→ EXERCISE PROMPT
Please restate the listing word for word, omitting the images.

————

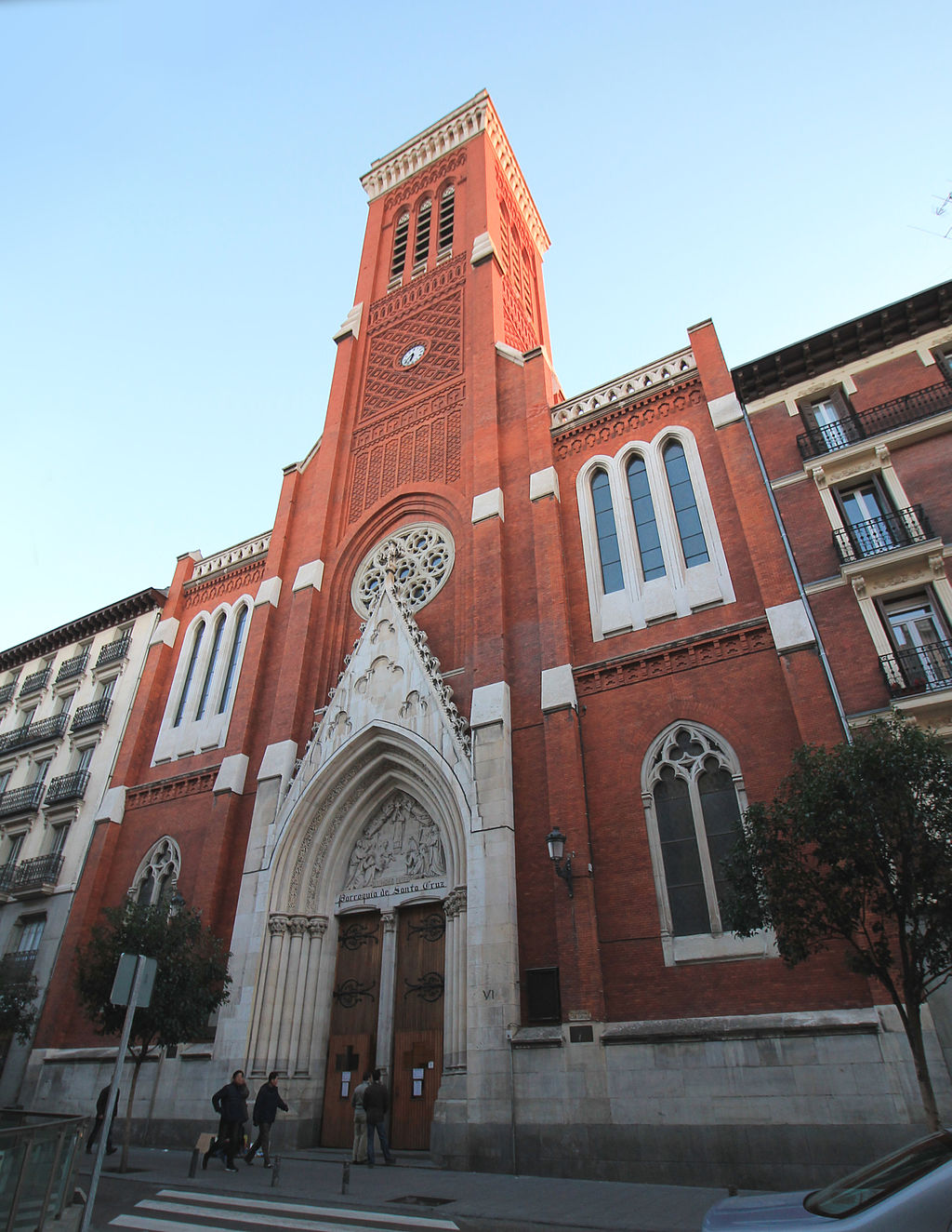 The Church of Santa Cruz, located in the historic center of Madrid on Calle de Atocha, is a masterpiece of neo-Gothic and neo-Mudéjar architecture. This place of worship has a rich and fascinating history, dating back to the 16th century, when the Convent of Santo Tomás de Aquino was founded by the Dominicans. The original construction of the current building began in 1626 under the patronage of the count-duke of Olivares, but over the centuries it has undergone numerous fires and reconstructions. The current structure, designed by architect Francisco de Cubas, began to take shape in 1889 and was completed in 1902, thanks to a public funding campaign. The red brick and white Colmenar stone facade is a typical example of neo-Gothic style, with a large pointed arch and a triangular pediment topped by a cross. A notable detail is the relief by Aniceto Marinas depicting the Apotheosis of the Cross, located above the main entrance. One of the most impressive features of the church is its tower over eighty meters high, which recalls the tradition of the tower of the ancient parish, known as the “Atalaya de la Corte” for its height and visibility. This tower, with a cantilever and a bell level parapet, was for a long time one of the tallest structures in Madrid until the construction of the Telefónica Building in the 1920s. Inside, the church features a single nave with eight side chapels, each dedicated to different devotions. Among these, the statue of Saint Jude Thaddeus stands out, known as the patron saint of impossible causes, attracting hundreds of devotees every Wednesday, making it one of the most venerated images in Madrid after the Cristo de Medinaceli. Another significant work is the painting of the Virgen de la Cinta, patroness of Huelva, venerated by a subsidiary brotherhood of the Andalusian city. The church also houses the Archicofradía del Santo Entierro, one of the oldest brotherhoods in Madrid, founded in 1412. This brotherhood organizes solemn processions during Holy Week, especially on Good Friday, carrying the images of the Santo Entierro and the Virgen de los Siete Dolores through the city streets. The history of the church is marked by dramatic events, such as the great fire of 1876 that completely destroyed the previous building. The construction of the new temple was a symbol of rebirth for the community, which contributed with donations to complete the work. The church has undergone various restorations, the latest of which has preserved the original decorations and improved the structure to adapt it to modern needs. The central location of the church, just steps away from Plaza Mayor and the Las Letras neighborhood, makes it easily accessible and an ideal starting point for exploring the historic center of Madrid. Its architectural beauty and historical importance make it a must-visit for anyone visiting the Spanish capital.
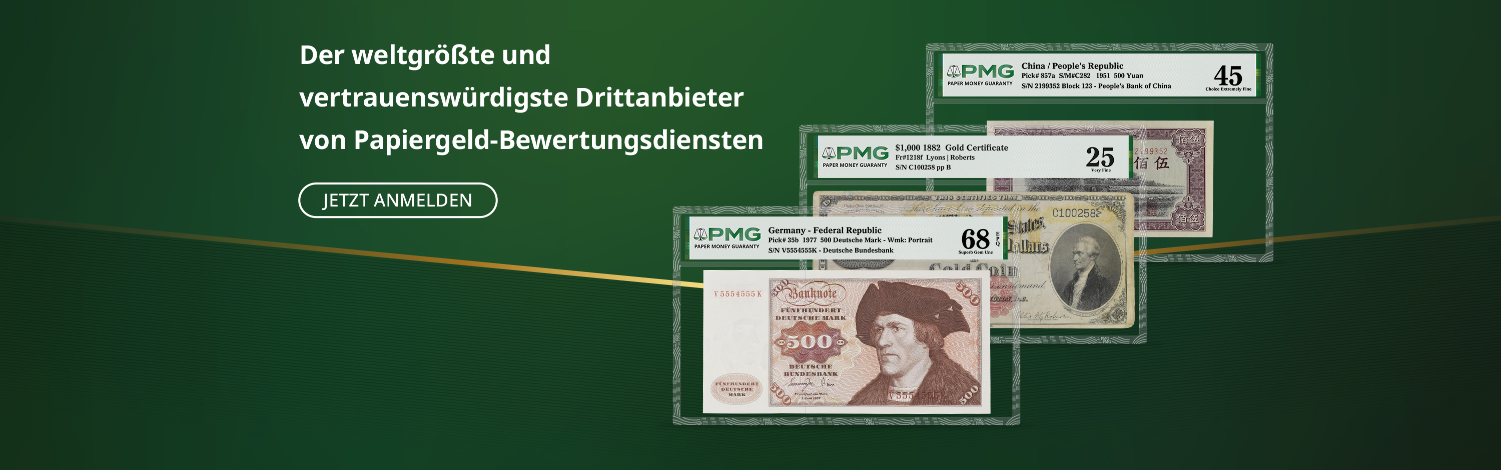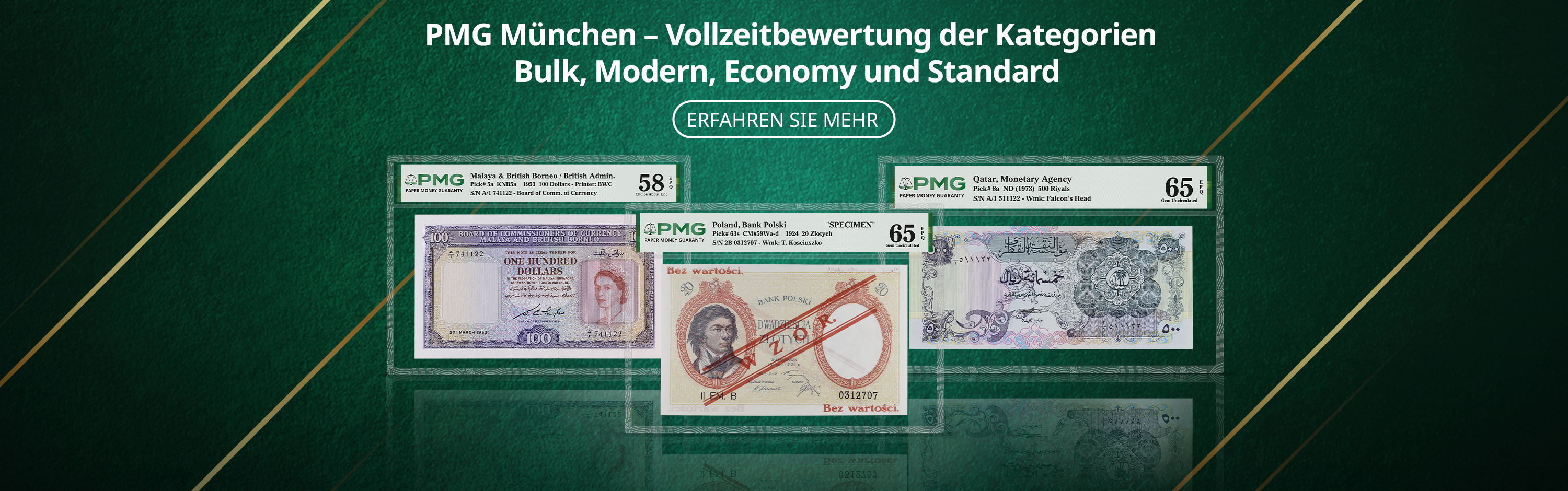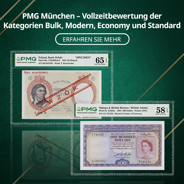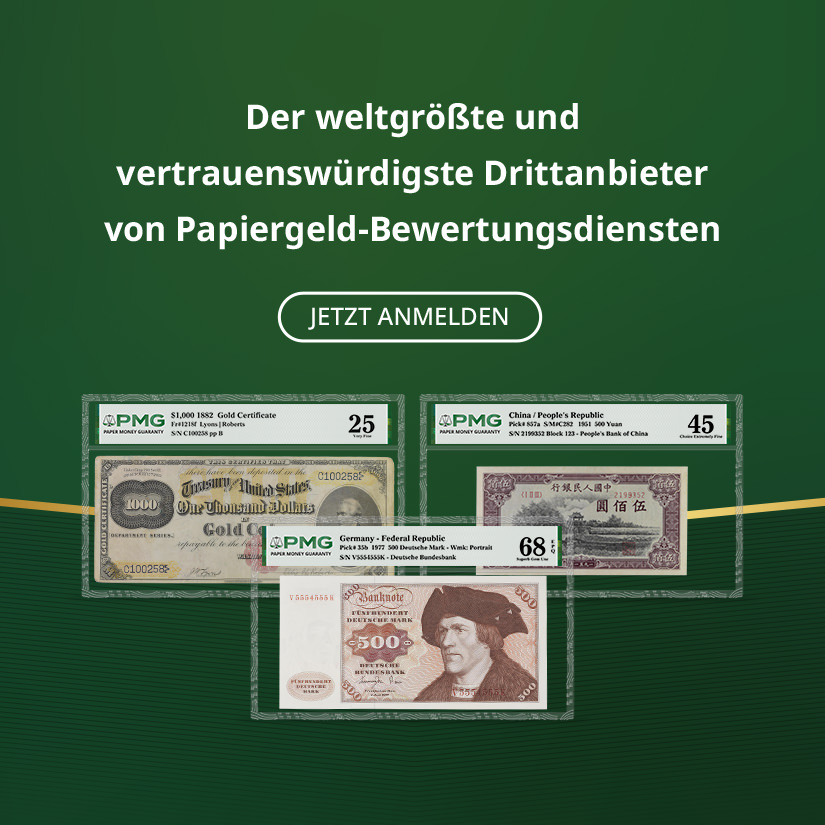 Für Sammler von Banknoten bietet PMG eine genaue, konsistente und unparteiische Bewertung der Echtheit und des Erhaltungszustands, unterstützt durch die umfassende PMG-Garantie, die Käufer und Verkäufer schützt. PMG ist Teil der Certified Collectibles Group, die es sich zur Aufgabe gemacht hat, Sammler mit Dienstleistungen zu unterstützen, die ihre Leidenschaft entfachen, Werte schaffen und eine Gemeinschaft aufbauen.
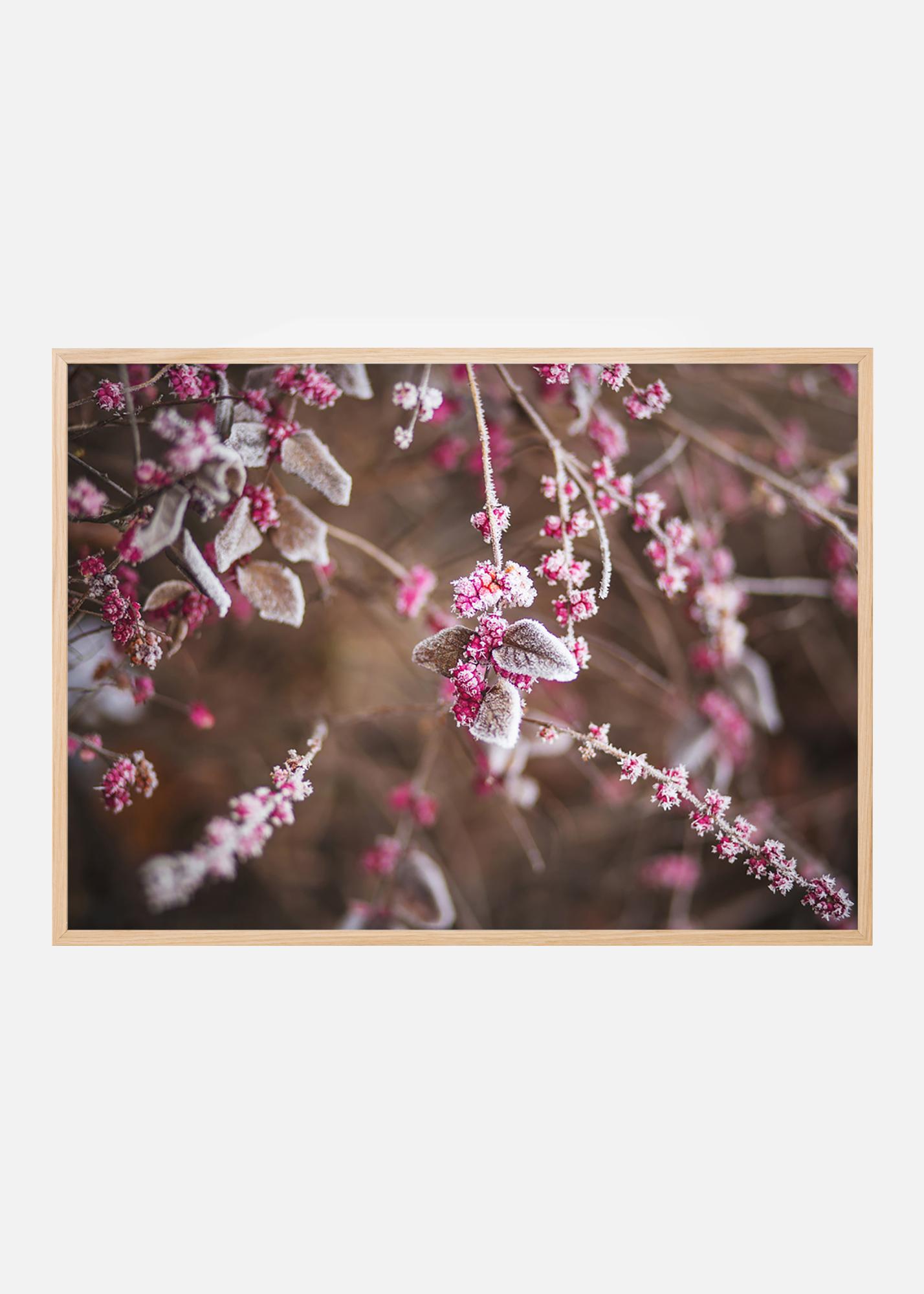 Fotokunst mit Nahaufnahme von frostigen, tauigen Beeren mit geringer Schärfentiefe. Der Druck erzeugt mit den Beeren in Rosa und dem Hintergrund in Schokoladentönen ein warmes und gemütliches Gefühl. In einer größeren Größe mit einem schicken Rahmen wird das Bild zum Blickfang im Wohnzimmer oder setzen Sie eine kleinere Variante im Bildercollage zusammen mit anderen poster in denselben Farbtönen.
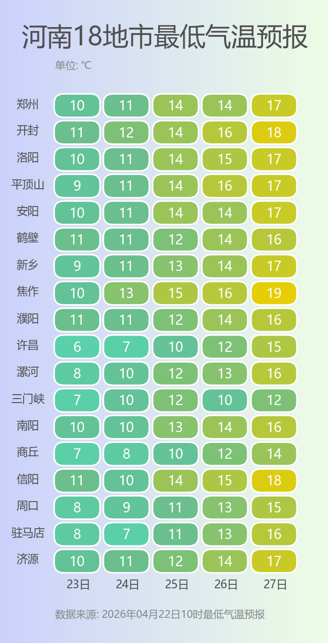 ●预计到本周日,全省大部分地区的最高气温将普遍跨越25℃门槛,在关注午后高温的同时,15℃的温差是近期气象数据中不可忽视的重点。未来五天,全省昼夜温差将加大至10℃以上,西部部分地区温差甚至在15℃上下。这种气温特征决定了早晚外套、午后短袖的着装模式,盲目减衣仍有感冒风险。(大河报)
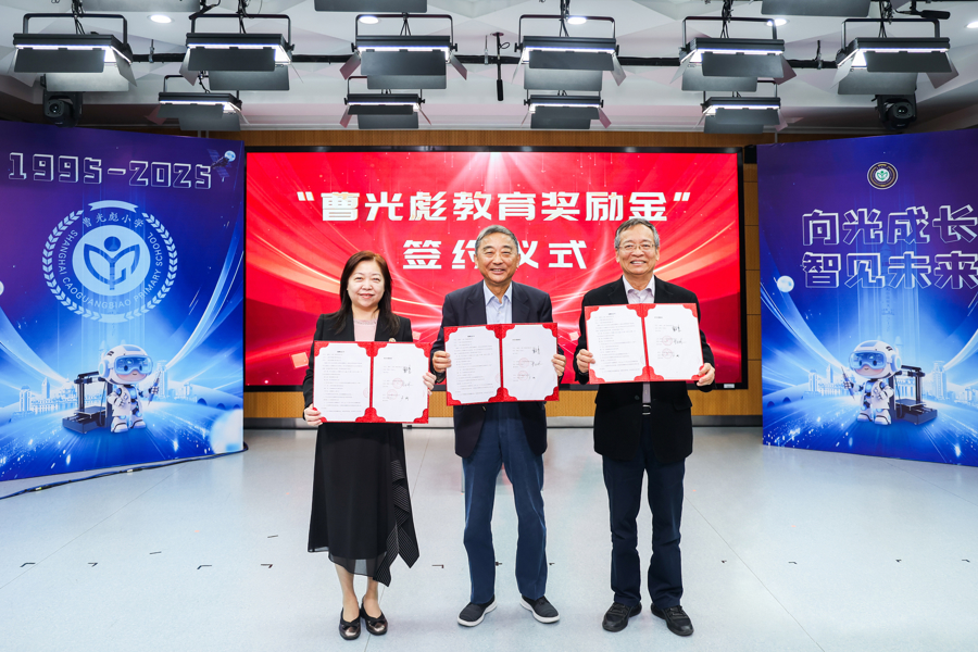 小工程师们还获得了来自大工程师们的礼物——30年前,曹光彪先生慷慨捐款建校,并成立曹光彪教育奖励金;昨天,第十四届全国政协委员、曹光彪先生之子曹其东(下图中间)再度捐资500万元。

————

→ RESPONSE
 The Church of Santa Cruz, located in the historic center of Madrid on Calle de Atocha, is a masterpiece of neo-Gothic and neo-Mudéjar architecture. This place of worship has a rich and fascinating history, dating back to the 16th century, when the Convent of Santo Tomás de Aquino was founded by the Dominicans. The original construction of the current building began in 1626 under the patronage of the count-duke of Olivares, but over the centuries it has undergone numerous fires and reconstructions. The current structure, designed by architect Francisco de Cubas, began to take shape in 1889 and was completed in 1902, thanks to a public funding campaign. The red brick and white Colmenar stone facade is a typical example of neo-Gothic style, with a large pointed arch and a triangular pediment topped by a cross. A notable detail is the relief by Aniceto Marinas depicting the Apotheosis of the Cross, located above the main entrance. One of the most impressive features of the church is its tower over eighty meters high, which recalls the tradition of the tower of the ancient parish, known as the “Atalaya de la Corte” for its height and visibility. This tower, with a cantilever and a bell level parapet, was for a long time one of the tallest structures in Madrid until the construction of the Telefónica Building in the 1920s. Inside, the church features a single nave with eight side chapels, each dedicated to different devotions. Among these, the statue of Saint Jude Thaddeus stands out, known as the patron saint of impossible causes, attracting hundreds of devotees every Wednesday, making it one of the most venerated images in Madrid after the Cristo de Medinaceli. Another significant work is the painting of the Virgen de la Cinta, patroness of Huelva, venerated by a subsidiary brotherhood of the Andalusian city. The church also houses the Archicofradía del Santo Entierro, one of the oldest brotherhoods in Madrid, founded in 1412. This brotherhood organizes solemn processions during Holy Week, especially on Good Friday, carrying the images of the Santo Entierro and the Virgen de los Siete Dolores through the city streets. The history of the church is marked by dramatic events, such as the great fire of 1876 that completely destroyed the previous building. The construction of the new temple was a symbol of rebirth for the community, which contributed with donations to complete the work. The church has undergone various restorations, the latest of which has preserved the original decorations and improved the structure to adapt it to modern needs. The central location of the church, just steps away from Plaza Mayor and the Las Letras neighborhood, makes it easily accessible and an ideal starting point for exploring the historic center of Madrid. Its architectural beauty and historical importance make it a must-visit for anyone visiting the Spanish capital.
 Für Sammler von Banknoten bietet PMG eine genaue, konsistente und unparteiische Bewertung der Echtheit und des Erhaltungszustands, unterstützt durch die umfassende PMG-Garantie, die Käufer und Verkäufer schützt. PMG ist Teil der Certified Collectibles Group, die es sich zur Aufgabe gemacht hat, Sammler mit Dienstleistungen zu unterstützen, die ihre Leidenschaft entfachen, Werte schaffen und eine Gemeinschaft aufbauen.
 Fotokunst mit Nahaufnahme von frostigen, tauigen Beeren mit geringer Schärfentiefe. Der Druck erzeugt mit den Beeren in Rosa und dem Hintergrund in Schokoladentönen ein warmes und gemütliches Gefühl. In einer größeren Größe mit einem schicken Rahmen wird das Bild zum Blickfang im Wohnzimmer oder setzen Sie eine kleinere Variante im Bildercollage zusammen mit anderen poster in denselben Farbtönen.
 ●预计到本周日,全省大部分地区的最高气温将普遍跨越25℃门槛,在关注午后高温的同时,15℃的温差是近期气象数据中不可忽视的重点。未来五天,全省昼夜温差将加大至10℃以上,西部部分地区温差甚至在15℃上下。这种气温特征决定了早晚外套、午后短袖的着装模式,盲目减衣仍有感冒风险。(大河报)
 小工程师们还获得了来自大工程师们的礼物——30年前,曹光彪先生慷慨捐款建校,并成立曹光彪教育奖励金;昨天,第十四届全国政协委员、曹光彪先生之子曹其东(下图中间)再度捐资500万元。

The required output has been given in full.